Why Do We Have Church?

As the saying goes, you don’t know what you’ve got ’til it’s gone. It’s a lesson many Christians are becoming painfully aware of as their local congregations are caught up in the various shutdowns and quarantines. We deeply desire to return to our church, so naturally, pastors, elders, and local church councils everywhere are struggling with the question of when and how much to reopen their doors.

It’s an important question, but not simply because of the pandemic. As families sit at home, huddled around a laptop watching services streamed into our living room, there is a question that inevitably weighs heavily on our minds: Why do we go to church? What is important about gathering together each Sunday?

Whether deliberately or not, our congregations are answering that questions for us in this time of crisis by their reactions to it. The practical decision of how to respond to a pandemic is inevitably a cost/benefit analysis. Covid-19 represents a real risk factor–overblown by a frantic media, to be sure, but a risk nonetheless. How do we weigh that risk of illness–or even death for the elderly and those with certain preexisting conditions–against what we have to offer at church? More precisely, how does it weigh against what we are responsible for offering? It depends, of course, on what you believe your church offers. Why should people go to church? Everybody will know your answer to that question based on what you offer as an acceptable substitute.

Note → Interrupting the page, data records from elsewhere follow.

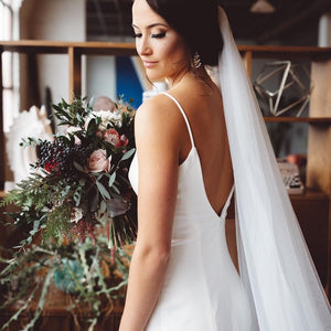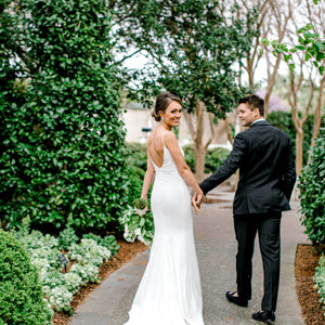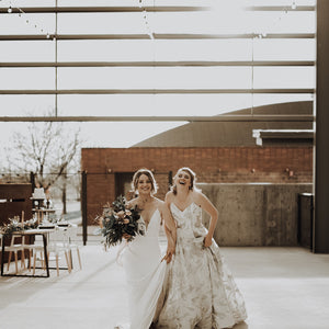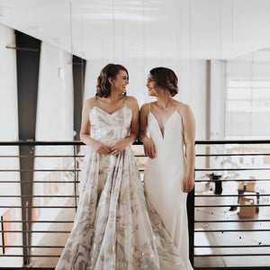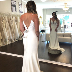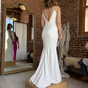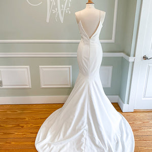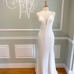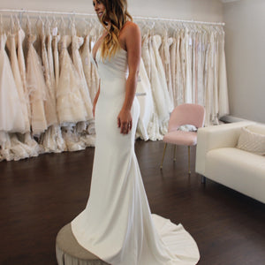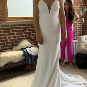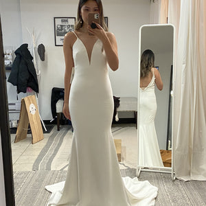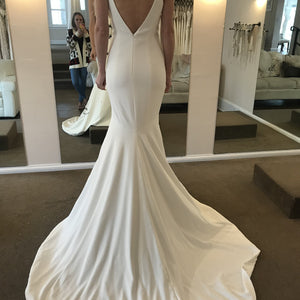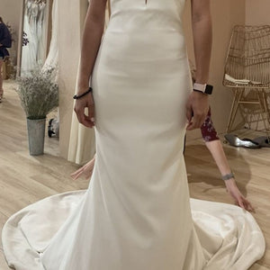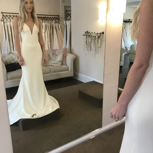 Size 12. This gown has been tired on in store and has minor dust along the hemline. Otherwise in like-new condition. Never worn outside the salon and never altered. Retail price: $1,450!
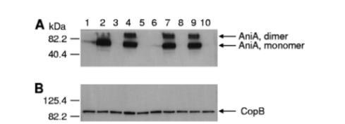 圖3.NsrR對卡他莫拉菌野生型、突變型及回補突變株中AniA蛋白表達的影響。通過Western blot分析,采用多克隆AniA抗血清(A)或CopB特異性單克隆抗體10F3(18)(B)作為一抗對菌株全細胞裂解液進行檢測。泳道1:野生型菌株O35E;泳道2:O35E nsrR突變體;泳道3:O35E aniA突變體;泳道4:O35E nsrR(pWW115);泳道5:O35E nsrR(pWW150);泳道6:野生型ETSU-9;泳道7:ETSU-9 nsrR突變體;泳道8:ETSU-9 aniA突變體;泳道9:ETSU-9 nsrR(pWW115);泳道10:ETSU-9 nsrR(pWW150)。推測的AniA單體和二聚體位置由A圖右側箭頭標示。CopB外膜蛋白作為上樣對照,其位置由B圖右側箭頭標示。各圖左側均標有分子量標準物的位置。
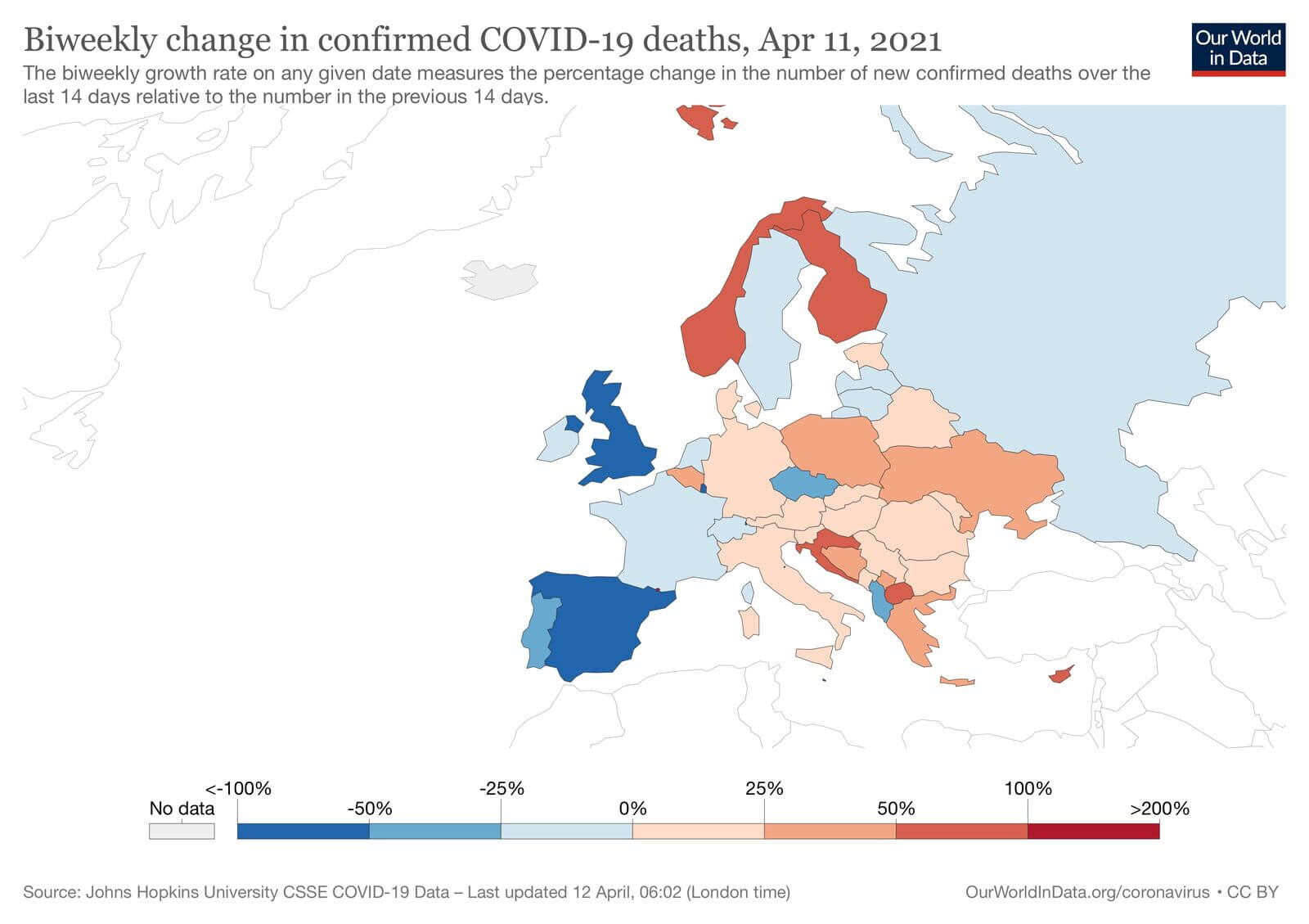 Смертність зросла у Норвегії, Фінляндії, Хорватії, Македонії більше ніж на 50%. Україна і Польща теж показують ріст смертності орієнтовно 38%. Проте вже є ряд країн, що показують спад смертності, найбільше це помітно у Іспанії і Великобританії — більше 50%.
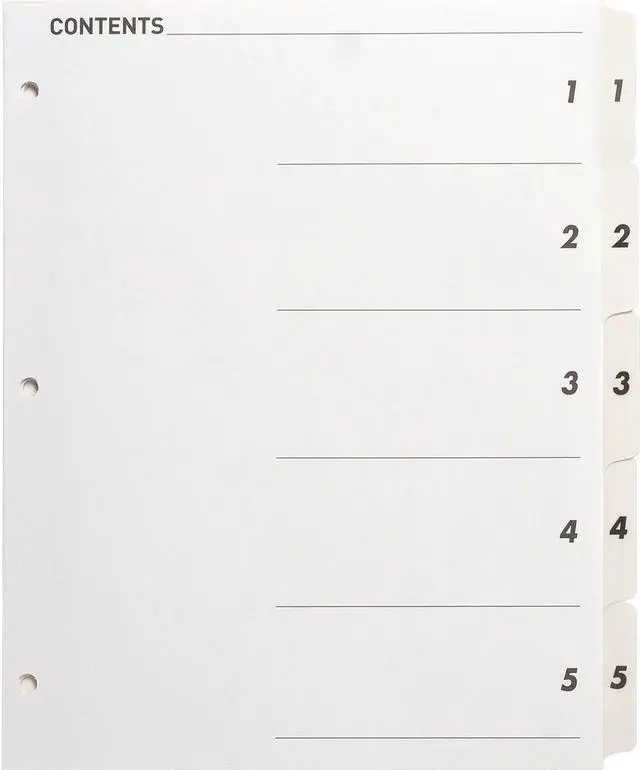 Make organization quick and easy using a black/white Table of Contents page that coordinates with included dividers with numbered tabs. Key in or type section titles and then print or copy onto the Table of Contents page preprinted with numbers that match the dividers. Edges and white tabs feature Mylar reinforcement to prevent tearing. Three-hole punched edges allow easy, quick placement into standard-size, three-ring binders. Index dividers are compatible with all laser and inkjet printers and include easy-to-follow instructions.
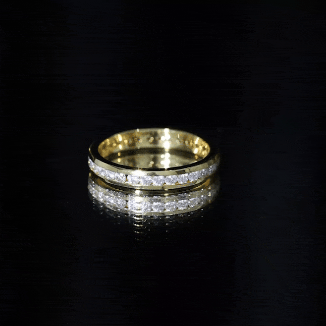 Create an unforgettable moment with this Moissanite Eternity Ring. This ring is embedded with Round Shape Moissanites delicately placed in Channel Setting that exudes sophistication and elegance. This ring is the perfect symbol for enduring love which is the reminder of your unbreakable bond. This Channel Set Wedding Band beholds the unmatchable shine of D-VS1 quality Moissanites embedded in the ring that makes the epitome of wisdom and strength of the relationship. Make your D-day Special with this Moissanite Wedding Ring, that can be styled in both ways either solely or as a stack ring with the statement ring.
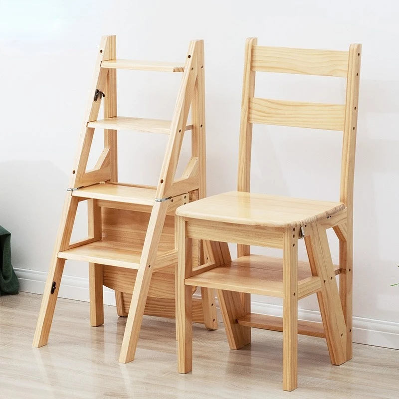 Multifunctional Kitchen Stool Solid Wood Material Ladder Chair Flip Design Step Stool Stable Load-bearing Portable Ladder

The thing we’re liable to forget is that it’s the same question that was asked before the pandemic, and it will be the same question asked afterward. The very answers we hear now will also apply when Christians decide when–or whether–to return. What congregations and church bodies tell their parishioners now–both explicitly in our words and implicitly in our actions–will resonate long after Covid-19 either goes away or, more likely, becomes part of everyday life. Closing your doors until the media tells you it’s safe and maybe streaming your Sunday service in the meantime may be the safe route, but will doing that for months on end deliver what you’re responsible for offering?

Message

You might think so if you believe church is fundamentally about hearing and receiving a particular message. You hear a sermon, you hear some hymns, you hear some prayers you can pray along with. It’s not really worth risking illness just to hear that message in person rather than via Facebook Live. Data-transfer works just fine over the internet, so those things are covered well.

But if we’re honest with ourselves, they’re covered a little too well. Data-transfer and communication are precisely what the internet excels at. If that’s why you go to church, online services aren’t just an acceptable substitute–they’re a superior replacement. I’ve written before that for my family, getting to church each Sunday is a struggle. It’s been MUCH easier to get everybody on the couch on time than in a pew on time. The little family tradition we’ve been building around our online services is much more comfortable and convenient than going to church in person was. If hearing a message is why we go to church, then why would we go back when this is over?

So many companies and employees who have been forced to experiment with remote work have discovered that it is much more practical in many circumstances. Accordingly, I suspect we’ll be seeing a lot more remote work going forward–it just makes sense. Congregations who believe they’re simply delivering a message are going to find exactly the same thing among their parishioners. And with distance being a non-issue online, they will eventually gravitate towards those few churches who deliver messages in a superior manner.

Community

Now, you might say, “No, it’s not just about the message. It’s also about our community! You can’t have a real community online!” If that’s what you offer at church, then you’ll probably think it wise to keep your doors closed amid the pandemic. With social distancing being our current norm, Americans have already collectively decided that enjoying community isn’t worth the risk. After all, while it’s sad that we’ll be away from one another for so long, our reunion will be all the sweeter once we can safely reopen.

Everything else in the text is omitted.